AI Article Synopsis

  • The study examined patients with myeloid neoplasm characterized by ringed sideroblasts and high platelet counts, identifying a subset fulfilling criteria for refractory anemia with ringed sideroblasts associated with thrombocytosis (RARS-T).
  • JAK2 and MPL mutations were identified in circulating granulocytes and bone marrow cells from many RARS-T patients, suggesting a genetic link to the condition, particularly after some patients progressed from RARS to RARS-T.
  • Both RARS and RARS-T patients exhibited specific gene expression changes, indicating that RARS-T represents a unique neoplasm with traits of both myelodysplastic and myeloproliferative disorders, potentially emerging from RARS due to genetic mutations.

Article Abstract

We studied patients with myeloid neoplasm associated with ringed sideroblasts and/or thrombocytosis.
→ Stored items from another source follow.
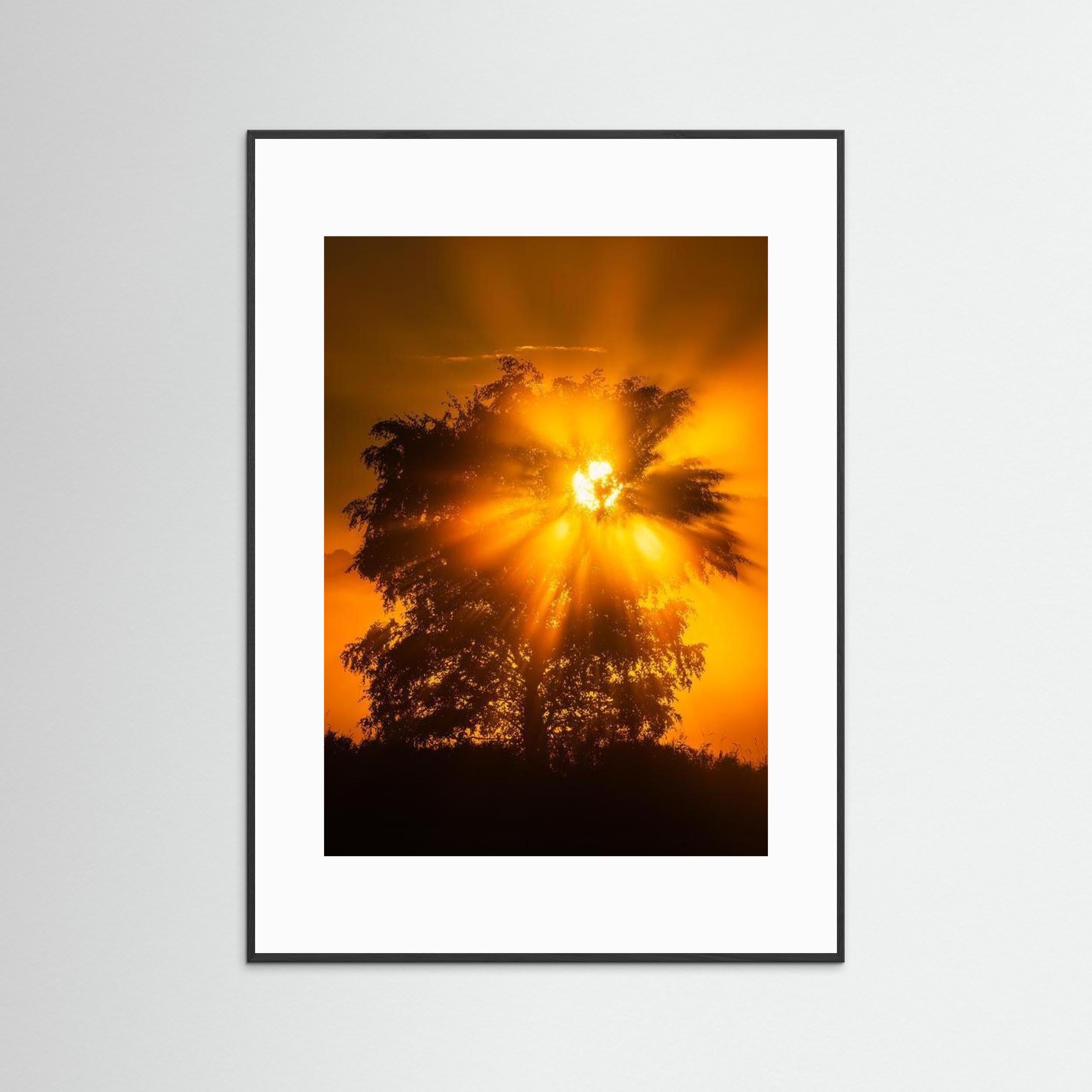 Fotograferad en dimmig höstdag utanför Lindome i Mölndals Stad. Det första ljuset bryter fram genom trädkronan och sprider sina strålar över landskapet. Ett stilla ögonblick där mörker och ljus möts, och dagen långsamt tar form.
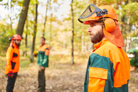 Three lumberjacks or forest workers in the forest wearing protective clothing during the harvest
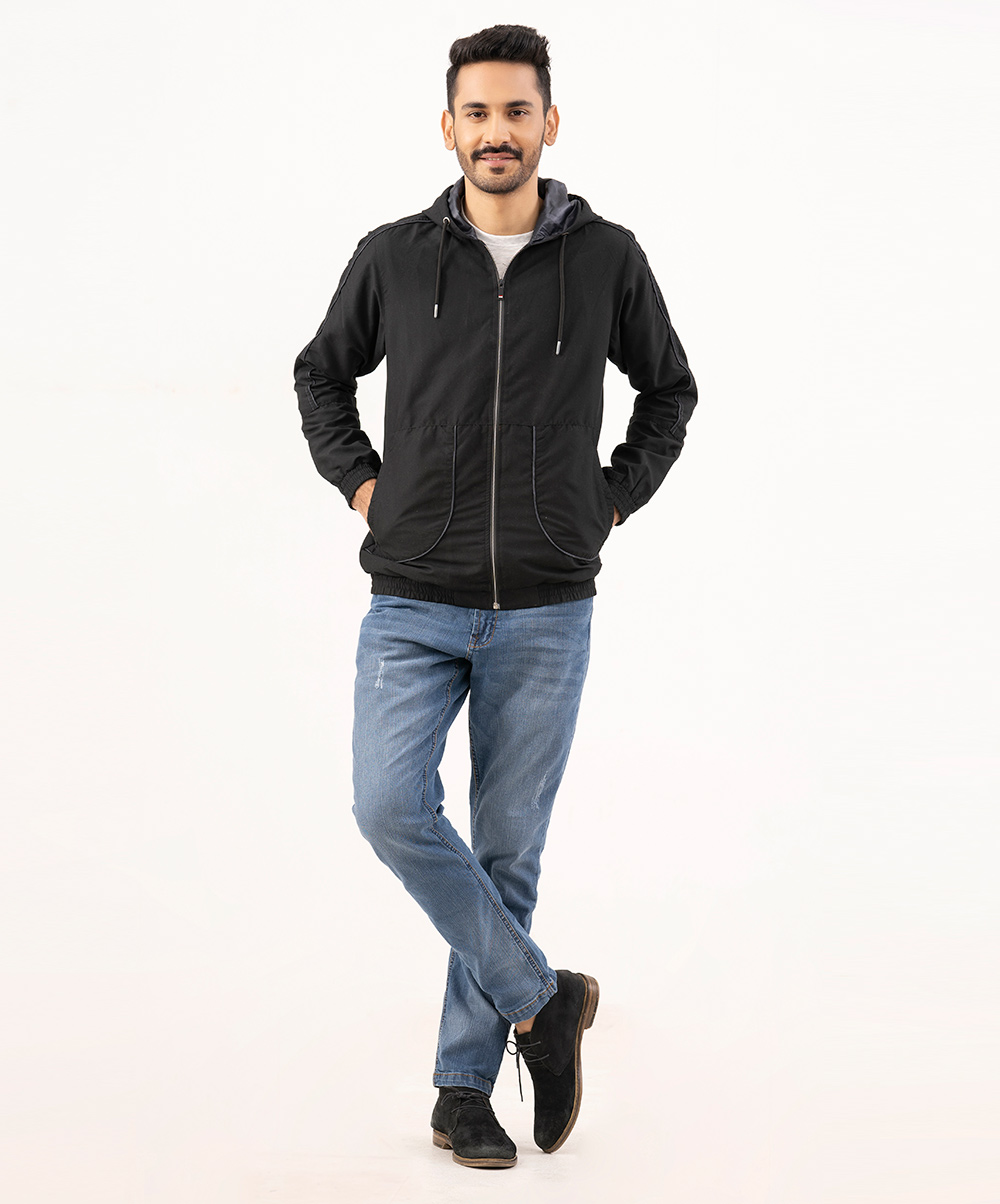 Black hoody jacket in taffeta fabric. All over solid black body with cut and sew style, full cuffed sleeve, zipper opening on front and two front side pocket.
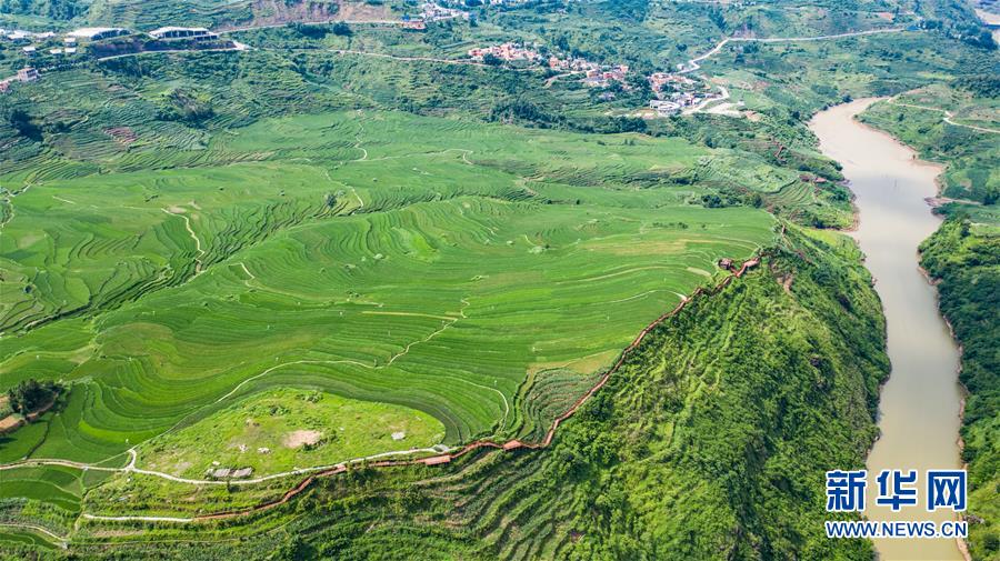 貴州省盤州市新民鎮(zhèn)的梯田風光(6月29日攝,無人機照片)。夏日時節(jié),貴州省盤州市新民鎮(zhèn)的梯田風景如畫。新華社記者陶亮攝
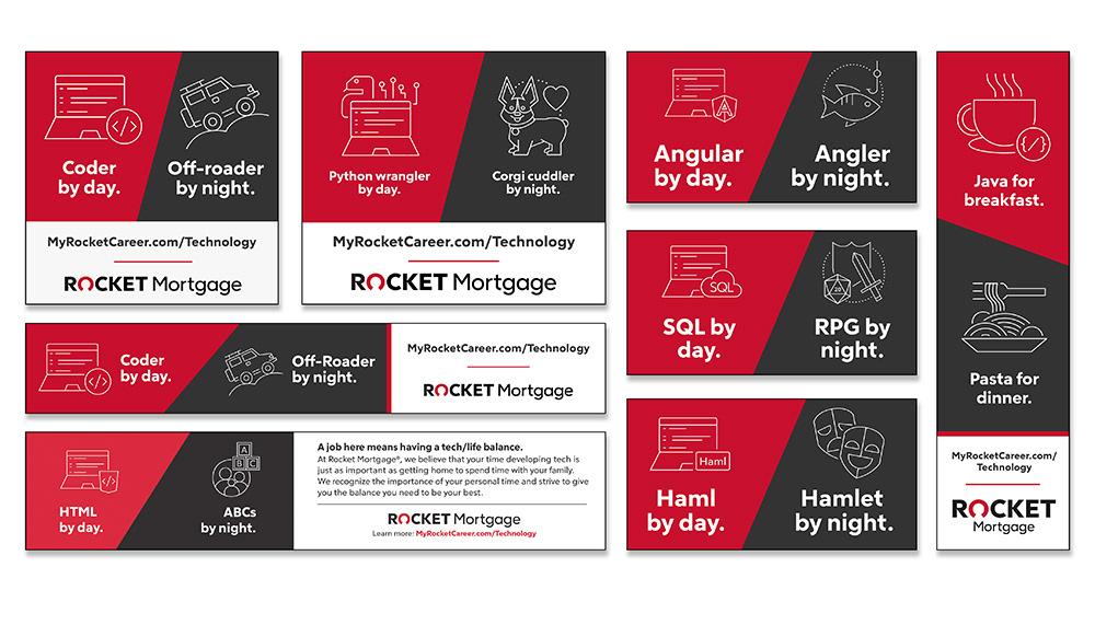 Our solution was the Tech/Life Balance campaign: As leaders in the tech space, we know there's your tech life. But we also know there's your life life. In other words, there's work, but there's life outside of work. Life is too short to work for a company that doesn't get you. The whole you. At the Rock Family of Companies, we do. it IS possible to have a great tech/life balance. We believe in the power of your tech and other passions coexisting. Our welcoming culture is something you'll feel day one, and it's one that will make you happier, more productive, and more brilliant.
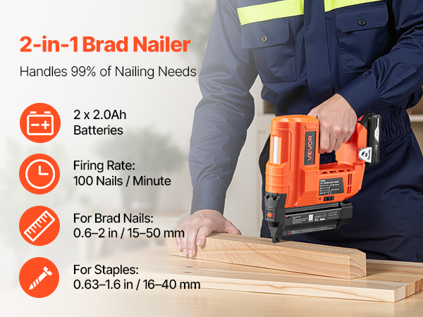 - Versatile 2-in-1 Use: Compatible with 0.6-2.2 inch (15-55 mm) brad nails and 0.6-1.6 inch (16-40 mm) staples, this cordless brad nailer is suitable for trim installation and furniture assembly. One tool handles multiple tasks, meeting your diverse needs
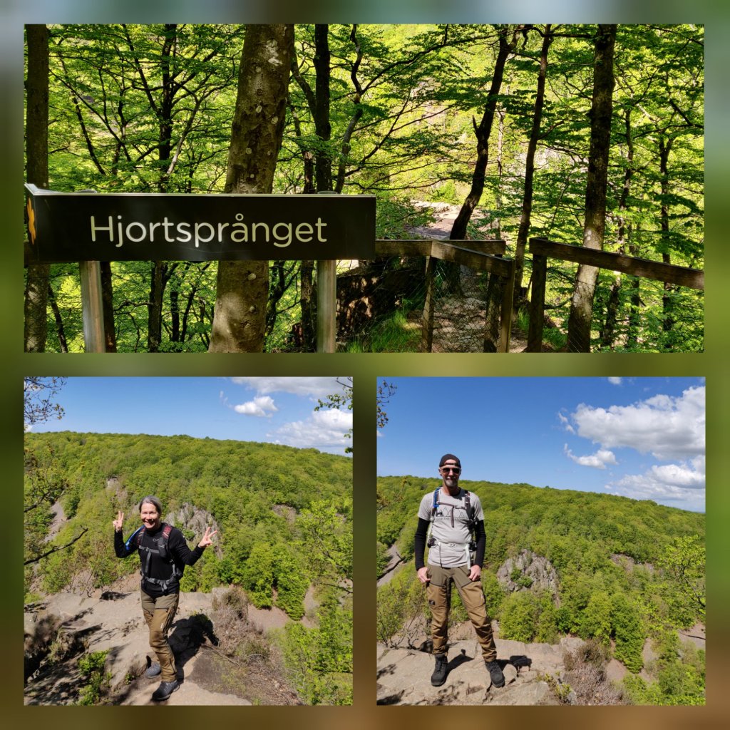 När vi kom upp på höjden fick vi fantastisk utsikt och hissnande stup. Vid Hjortsprånget kunde man gå ut på en smal landstunga. Här jagade man ut hjortar mot en säker död förr.

The combination of ringed sideroblasts 15% or greater and platelet count of 450 x 10(9)/L or greater was found in 19 subjects fulfilling the diagnostic criteria for refractory anemia with ringed sideroblasts (RARS) associated with marked thrombocytosis (RARS-T), and in 3 patients with primary myelofibrosis. JAK2 and MPL mutations were detected in circulating granulocytes and bone marrow CD34+ cells, but not in T lymphocytes, from 11 of 19 patients with RARS-T. Three patients with RARS, who initially had low to normal platelet counts, progressed to RARS-T, and 2 of them acquired JAK2 (V617F) at this time. In female patients with RARS-T, granulocytes carrying JAK2 (V617F) represented only a fraction of clonal granulocytes as determined by X-chromosome inactivation patterns. RARS and RARS-T patient groups both consistently showed up-regulation of ALAS2 and down-regulation of ABCB7 in CD34+ cells, but several other genes were differentially expressed, including PSIP1 (LEDGF), CXCR4, and CDC2L5. These observations suggest that RARS-T is indeed a myeloid neoplasm with both myelodysplastic and myeloproliferative features at the molecular and clinical levels and that it may develop from RARS through the acquisition of somatic mutations of JAK2, MPL, or other as-yet-unknown genes.